Question 36: Which of the following drugs is used for the long term management of obesity

A. Fenfluramine
B. Sibutramine
C. Liraglutide (Correct Answer)
D. Metformin
E. Orlistat

Explanation: ***Liraglutide*** - **Liraglutide** is a **GLP-1 receptor agonist** approved for **long-term weight management** in adults with obesity or overweight with comorbidities. - It works by **delaying gastric emptying**, increasing satiety, and reducing appetite, leading to sustained weight loss. *Fenfluramine* - **Fenfluramine** was an **anorectic drug** that was withdrawn from the market due to its association with **pulmonary hypertension** and **cardiac valvulopathy**. - It is **not used** for the long-term management of obesity due to severe cardiovascular side effects. *Sibutramine* - **Sibutramine** is a **serotonin-norepinephrine reuptake inhibitor** previously used for weight loss, but it was withdrawn due to increased risk of **cardiovascular events** such as heart attack and stroke. - It is **not recommended** for long-term obesity management due to its significant cardiovascular risks. *Orlistat* - **Orlistat** is a **pancreatic lipase inhibitor** that is approved for long-term obesity management but works by **reducing fat absorption** in the gastrointestinal tract. - While approved for long-term use, it is **less preferred** than GLP-1 agonists due to gastrointestinal side effects (steatorrhea, fecal incontinence) and lower efficacy in weight reduction compared to newer agents like liraglutide. *Metformin* - **Metformin** is primarily an **antidiabetic drug** used for type 2 diabetes and sometimes for polycystic ovary syndrome (PCOS). - While it may cause modest weight loss as a side effect, it is **not approved or indicated** as a primary drug for the long-term management of obesity in individuals without diabetes.

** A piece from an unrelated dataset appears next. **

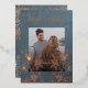 Diese elegante Hochzeitseinladung besticht durch eine vergoldete Blume aus Foto und Rose auf einem staubblauen Hintergrund. Braut und Bräutigam Namen in einem eleganten, handgeschriebenen Skript.

Question 37: A 30-year-old male presents with a history of consuming an unknown substance. On examination, the patient has diaphoresis, headache, and features resembling acute coronary spasm. Which of the following clinical features is least likely to be present in this patient?

A. Hypertension
B. Tachycardia
C. Hyperthermia
D. Bradycardia (Correct Answer)
E. Mydriasis

Explanation: ***Bradycardia*** - The presented symptoms of diaphoresis, headache, and coronary spasm are consistent with **stimulant intoxication** (e.g., cocaine, amphetamines). - Stimulants typically cause **tachycardia** due to sympathetic overactivity, making bradycardia the least likely finding. *Hypertension* - **Stimulant intoxication** leads to increased sympathetic activity, causing **vasoconstriction** and elevated blood pressure. - This is a common and expected finding in cases presenting with coronary spasm due to substance abuse. *Tachycardia* - **Sympathetic overstimulation** from an unknown substance, particularly stimulants, directly increases heart rate. - This symptom closely aligns with the patient's presentation of diaphoresis and coronary spasm. *Hyperthermia* - Elevated body temperature is a frequent consequence of **stimulant overdose** due to increased metabolic activity and impaired thermoregulation. - **Diaphoresis** (sweating) can be a compensatory mechanism for hyperthermia or a direct effect of sympathetic activation. *Mydriasis* - **Pupillary dilation** is a characteristic finding in sympathomimetic toxidrome caused by stimulant drugs. - This occurs due to alpha-adrenergic stimulation of the radial muscle of the iris and is commonly seen with cocaine or amphetamine use.